The questions are thus:
- Why did Xilinx incorrectly implement what was described in the README?
- Has anyone encountered this screwed up example before?
- What is the correct implentation?
Oh no, that's too easy. I'm supposed to be learning this language, so I'll take a crack at it.
After several frustrating attempts to fix the counter code, I realized that there was no conceivable logic with which to determine the value of the q[0] bit *after* copying the q[2:0] bits over the q[3:1] bits, because I need to work with the original q[3] bit (left counting case).

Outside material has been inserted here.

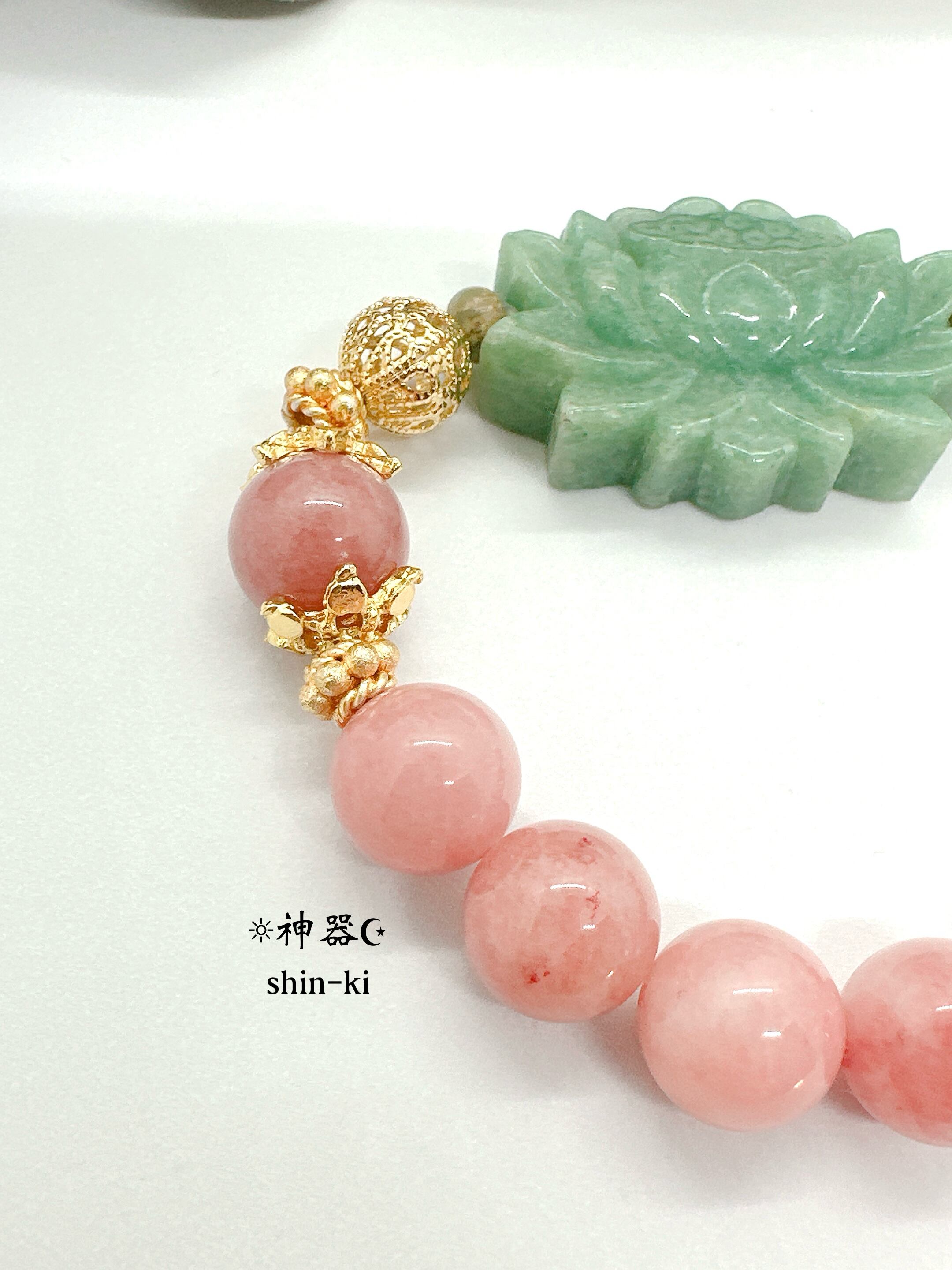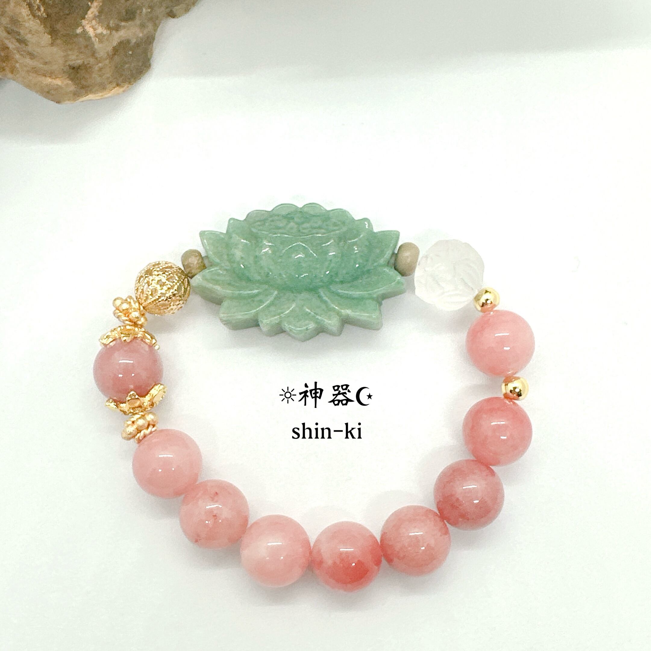 stone bracelet 《蓮》グリーンアベンチュリン×ロータス水晶×ピンクカラージェイド
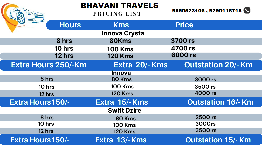 Bhavani Travels in Hyderabad is a trusted name in the travel and transportation industry, offering a wide range of reliable and affordable services. They specialize in Car on Hire, Car Rental Services, Outstation Car Rentals, and Wedding Car on Rent, catering to both personal and professional needs. Whether you need Luxury Cars, AC/Non-AC Cars, or Tempo Travellers on Rent, Bhavani Travels ensures comfortable and safe journeys. Their Airport Pickup and Drop Services are punctual and hassle-free, making them a top choice for local and corporate clients. They also provide attractive Srisailam Tour Packages, offering well-planned, spiritually enriching trips. With a focus on quality service, Bhavani Travels stands out as one of the best travel partners in Hyderabad.

One way would be to put in another register bit, but this would be a kuldgy waste of ffs. At the brink of demoralization (and recognizing that the brick wall was self-imposed by my not knowing how to do anything besides the behavioral style of coding, which forces the sequential execution which I don't want, I finally happened upon the answer to my hopes: a way to assign the bits of the result based on the bits of the previous state, all in parallel. That is the concatenation operation, leading to:
//Counter section: if(run) begin if(dir) begin q[3:0] = {q[2], q[1], q[0], ~q[3]}; end else begin q[3:0] = {~q[0], q[3], q[2], q[1]}; end end
Whew, it works!
What a way to learn a language. This was my first day of Verilog. I planned to start by typing in an example from my textbook, but instead I just couldn't resist trying to fix the Xilinx example. Now off to typing in my first Verilog code from scratch to finish.
Good day!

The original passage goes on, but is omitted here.